#### [WHAT THIS TASK INVOLVES]
Write out exactly the lines below starting at the one containing "सवाल पूछने के" and ending at the one containing "weide1946伟德第15". Omit every picture.

#### [RECORDS SHOWN]
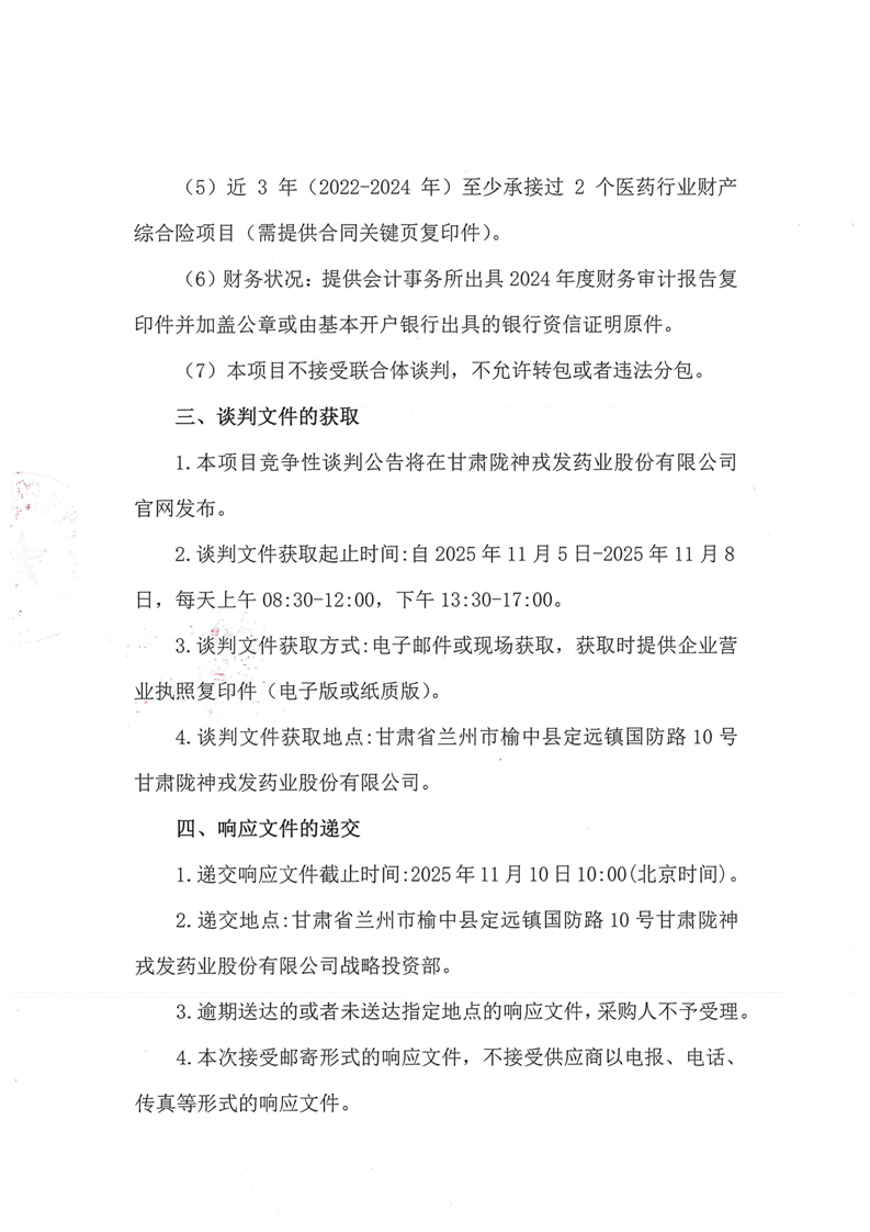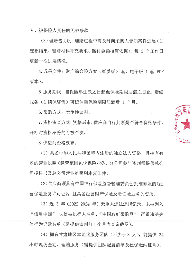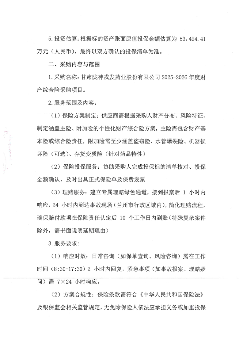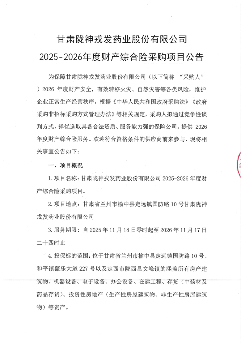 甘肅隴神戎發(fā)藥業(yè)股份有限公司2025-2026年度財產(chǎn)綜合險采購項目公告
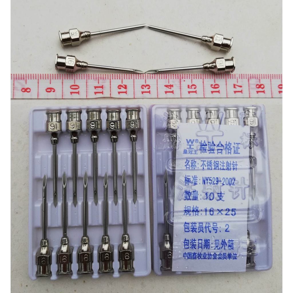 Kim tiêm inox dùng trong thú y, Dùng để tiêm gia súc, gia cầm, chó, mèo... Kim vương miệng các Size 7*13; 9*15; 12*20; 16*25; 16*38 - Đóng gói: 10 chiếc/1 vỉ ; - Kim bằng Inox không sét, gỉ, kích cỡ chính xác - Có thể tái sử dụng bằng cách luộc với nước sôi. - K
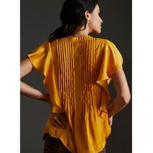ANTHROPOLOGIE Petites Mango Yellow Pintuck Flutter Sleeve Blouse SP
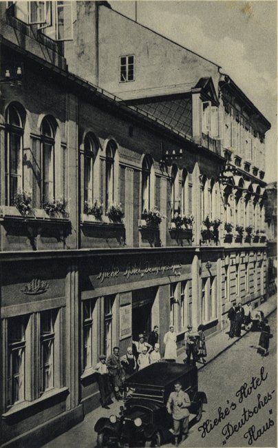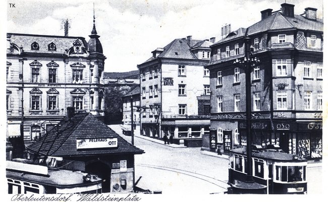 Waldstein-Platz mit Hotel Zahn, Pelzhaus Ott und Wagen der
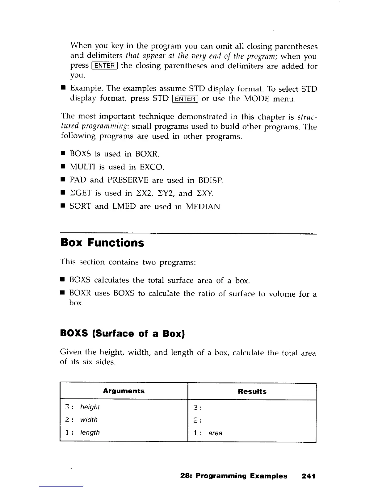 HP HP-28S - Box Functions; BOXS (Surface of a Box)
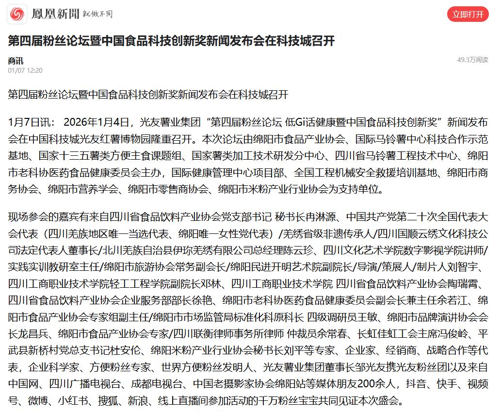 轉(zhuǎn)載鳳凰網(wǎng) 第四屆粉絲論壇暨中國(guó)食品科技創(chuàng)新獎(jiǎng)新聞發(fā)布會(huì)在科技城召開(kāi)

==

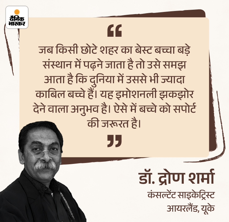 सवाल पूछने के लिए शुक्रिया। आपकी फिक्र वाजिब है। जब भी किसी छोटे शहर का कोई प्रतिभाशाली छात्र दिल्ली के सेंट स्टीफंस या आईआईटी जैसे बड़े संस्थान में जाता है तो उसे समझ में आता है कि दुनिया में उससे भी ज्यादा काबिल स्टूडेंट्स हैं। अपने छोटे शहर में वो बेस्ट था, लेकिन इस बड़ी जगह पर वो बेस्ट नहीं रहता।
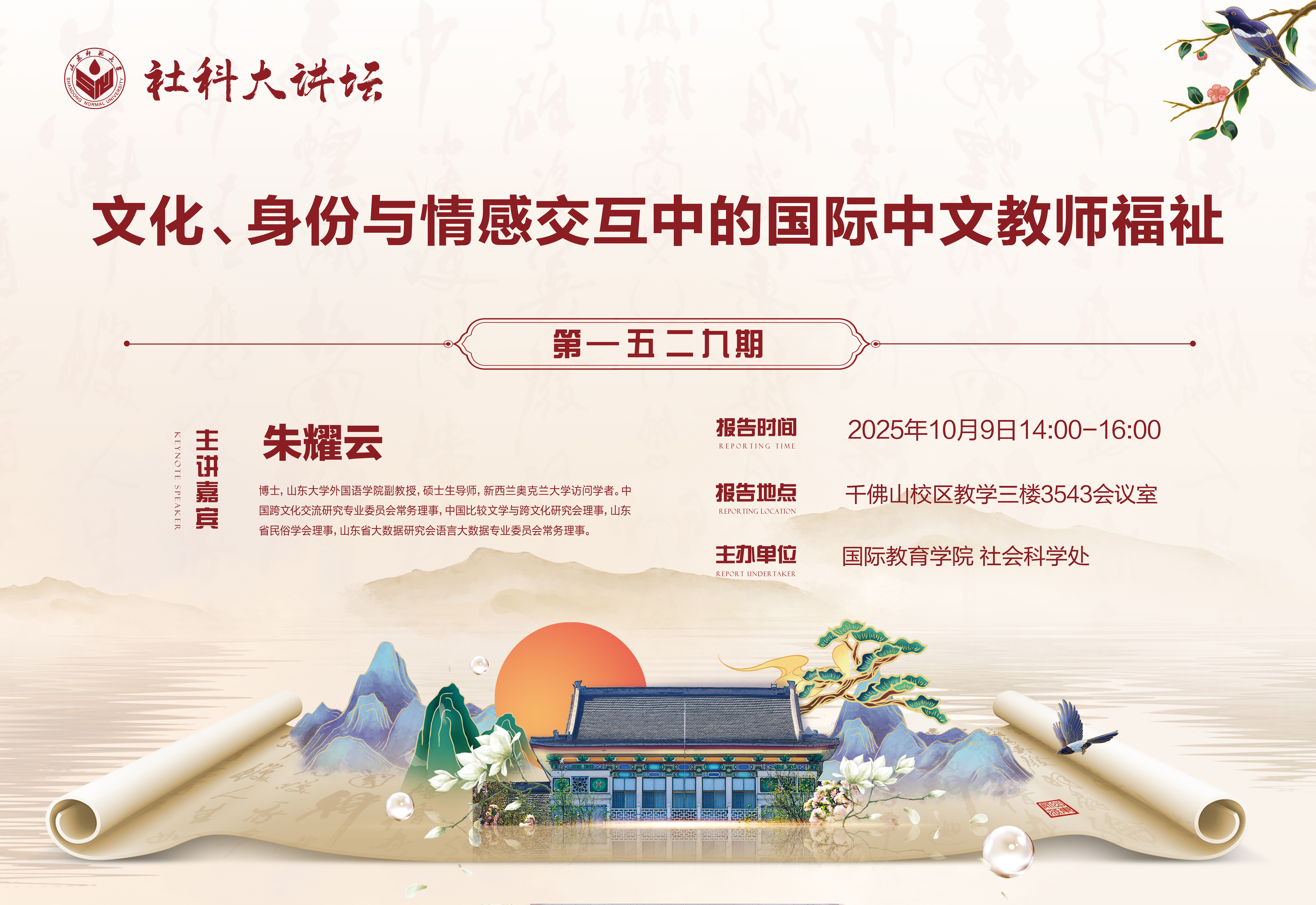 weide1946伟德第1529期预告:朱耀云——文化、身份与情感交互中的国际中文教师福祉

...

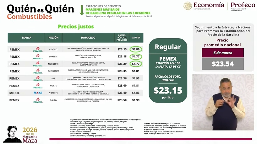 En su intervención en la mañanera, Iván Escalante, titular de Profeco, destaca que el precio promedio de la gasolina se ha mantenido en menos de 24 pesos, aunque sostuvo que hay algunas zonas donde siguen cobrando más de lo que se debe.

#### [ANSWER BOX]
 सवाल पूछने के लिए शुक्रिया। आपकी फिक्र वाजिब है। जब भी किसी छोटे शहर का कोई प्रतिभाशाली छात्र दिल्ली के सेंट स्टीफंस या आईआईटी जैसे बड़े संस्थान में जाता है तो उसे समझ में आता है कि दुनिया में उससे भी ज्यादा काबिल स्टूडेंट्स हैं। अपने छोटे शहर में वो बेस्ट था, लेकिन इस बड़ी जगह पर वो बेस्ट नहीं रहता।
 weide1946伟德第1529期预告:朱耀云——文化、身份与情感交互中的国际中文教师福祉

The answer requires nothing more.